I tend to use the various query examples in the BlitzGateway source code https://github.com/ome/omero-py/blob/94b4be90f85f8ccaef02ceebc75320cf1b70db38/src/omero/gateway/init.py when creating new queries.
The graph traversal and loading can be a bit tricky, but feel free to ask for help with any queries if needed.

Regards,
Will.

Hi Will and Susanne,

the query example for pixel type did work seamlessly. Thanks Will!
In order to test the second type of query that you provided (key-value pairs), I did try the following:

  1. Adding key and value pairs manually inside omero.insight
  2. Adding a key and value with MDE

When I did try querying the images with your key-value query, option 1) worked while option 2) did not.

Here is how the key value pair showed in omero.insight that did not work:


params = omero.sys.ParametersI()
params.addString('key', '[OME-Model]{0}#[OME:Image]{0}#[MyCustomObject]{0} | ExampleKey_1')
params.addString('value', 'bla')
#params.addString('key', 'test')
#params.addString('value', 'LOM')
offset = 0
limit = 100
params.page(offset, limit)

# Here we use 'projection' query to load specific values rather than whole objects
# This can be more performant, but here I'm using it based on Map-Annotation
# query examples in omero-mapr
query = """
    select image.id, image.name from 
    ImageAnnotationLink ial
    join ial.child a
    join a.mapValue mv
    join ial.parent image
    where mv.name = :key and mv.value = :value"""
result = conn.getQueryService().projection(query, params, conn.SERVICE_OPTS)
for row in result:
    print("Img ID: %s Name: %s" % (row[0].val, row[1].val))

Are there any thoughts of extending the queries to the original metadata?

@sukunis: Is there a way to change the key names to be something other than “ExampleKey_1”?

Apart from that I did see that the command line importer can create custom annotations as well:
Import data using the Command Line Interface (CLI) — OMERO guide 0.2.0 documentation (omero-guides.readthedocs.io)

Thanks again.

Best reagrds
Ali

Maybe you can compare the values of the Map Annotations between manually-added and added with MDE, to see what the differences are:

image = conn.getObject("Image", image_id)
for ann in image.listAnnotations():
    print(ann.getValue())

Will

Hi Ali,

Sorry for the previous mistaken post of mine, suggesting double quoting and extra variable as a solution.
I have deleted it as this was a red herring, the problem is somewhere else, see below please.

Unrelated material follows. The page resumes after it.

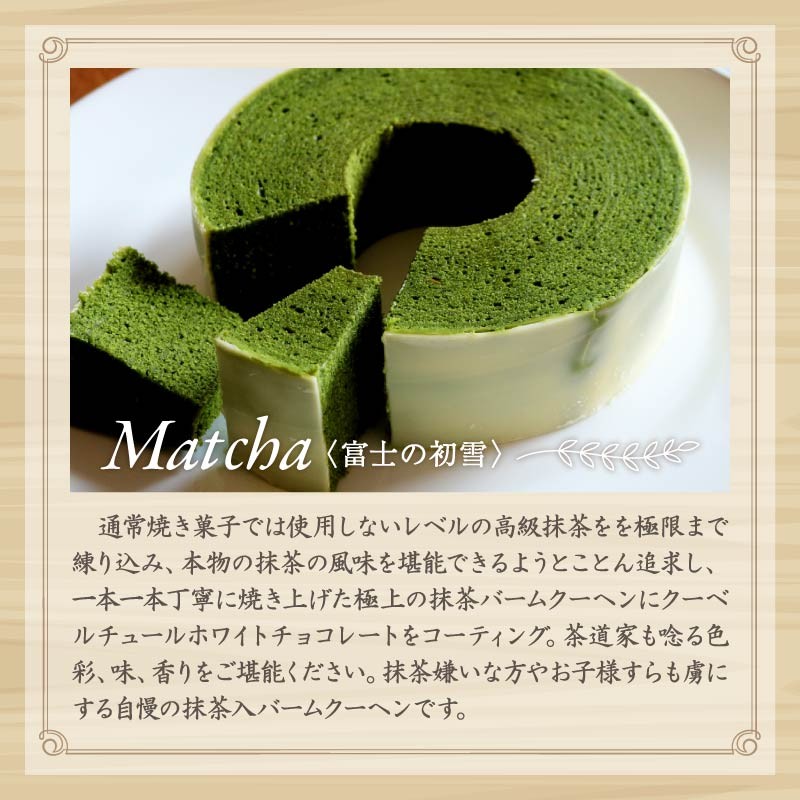 主原料となる卵には静岡県朝霧高原のブランド卵「宝山」のみ使用しています。芳醇な発酵バターの香りと、今まで味わったことのない食感が大人気の逸品です。「富士の初雪」は、静岡県産の高級抹茶を極限まで練り込み着色料を使用せず綺麗な深緑色のバームクーヘンに仕上げています。クーベルチュールホワイトチョコとの抜群の相性をお楽しみください。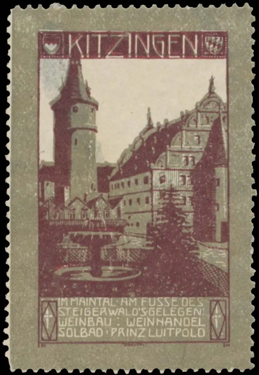 im Maintal am Fusse des Steigerwalds gelegen, Weinbau, Weinhandel, Solbad Prinz Luitpold, Tourismus, Größe/Zustand: 6x4 , beschädigt, Original alte Reklamemarke die seinerzeit für die Werbung benutzt wurde

We have investigated once more with Will Moore and can report:

The MDE is adding an extra whitespace in the setup which you are using to the Value.
This means, you have to query for "bla ", not “bla”.
The extra whitespace is not visible in OMERO.insight, and thus you of course missed it.
Thus, the code which does work for us using MDE should go

...
	params.addString('key', '[OME-Model]{0}#[OME:Image]{0}#[MyCustomObject]{0} | ExampleKey_1')
	params.addString('value', 'bla ')
...

Possibly @sukunis might be able to comment on the whitespace addition by MDE ?

Hope this helps.

Thank you

Petr and Will

Dear Petr and Will,

adding a whitespace at the end worked for me as well.

Thanks a lot!

If there is a way to do a user-defined mapping between some original metadata elements and custom MDE elements (or key-value pairs in general), I would consider both original questions as resolved.

I will look a bit into the Command line importer and the JSON API to achieve the same.

Best regards
Ali

Dear Ali

That is great. Thank you for that.
Please note that the Import Image data — OMERO guide 0.2.0 documentation which you mentioned (the CLI importer) is basically just consuming CSV files where the metadata are predefined, there is no providion for reading and exposing original metadata from the imported files (except, of course, the implicit Bio-Formats usage at import, which will not give you any output at import stage), unlike in MDE.

You also asked

Are there any thoughts of extending the queries to the original metadata?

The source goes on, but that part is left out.